(WHAT YOU ARE ASKED TO DO):
A verbatim restatement of the data, free of pictures, is what you should output.

(INFORMATION SHOWN):
========================================
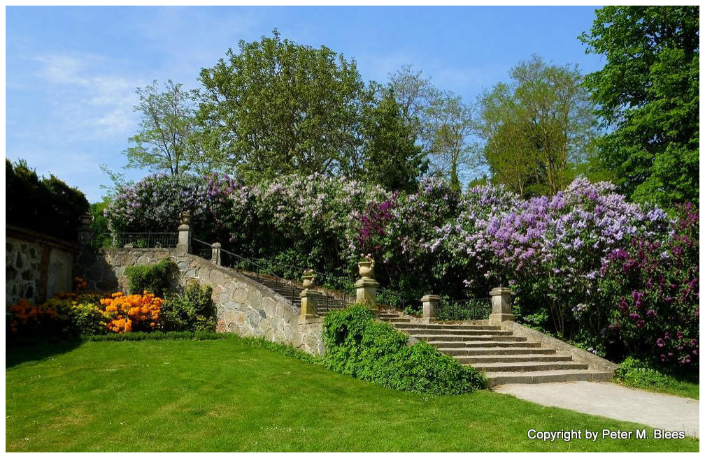 Diese breite von Flieder gesäumte Treppe führt in den Park des Övrekloster
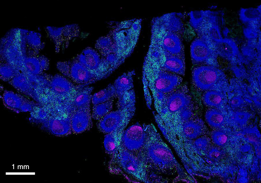 Как и любые другие иммунные органы, миндалины имеют сложную клеточную архитектуру. Для ее визуализации используют методы пространственной биологии, в частности пространственной протеомики, когда окрашивают ткани на различные клеточные типы с помощью белков — маркеров клеток. Один из основных методов пространственной биологии — мультиплексная иммунофлуоресценция, которая и была использована для получения главного изображения. С ее помощью в ткани можно визуализировать десятки различных клеточных типов (при условии, что для каждого из них мы знаем специфический белок или маркер).
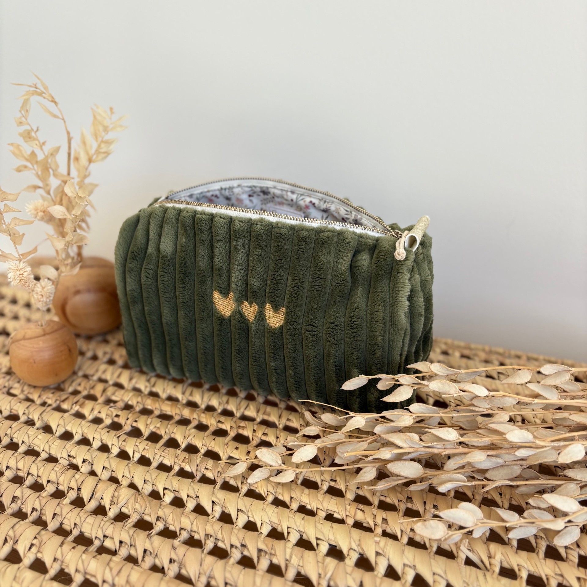 La trousse côtelée est parfaite pour contenir tout le nécessaire de toilette
========================================
(SOLUTION FOR THIS TASK):
 Diese breite von Flieder gesäumte Treppe führt in den Park des Övrekloster
 Как и любые другие иммунные органы, миндалины имеют сложную клеточную архитектуру. Для ее визуализации используют методы пространственной биологии, в частности пространственной протеомики, когда окрашивают ткани на различные клеточные типы с помощью белков — маркеров клеток. Один из основных методов пространственной биологии — мультиплексная иммунофлуоресценция, которая и была использована для получения главного изображения. С ее помощью в ткани можно визуализировать десятки различных клеточных типов (при условии, что для каждого из них мы знаем специфический белок или маркер).
 La trousse côtelée est parfaite pour contenir tout le nécessaire de toilette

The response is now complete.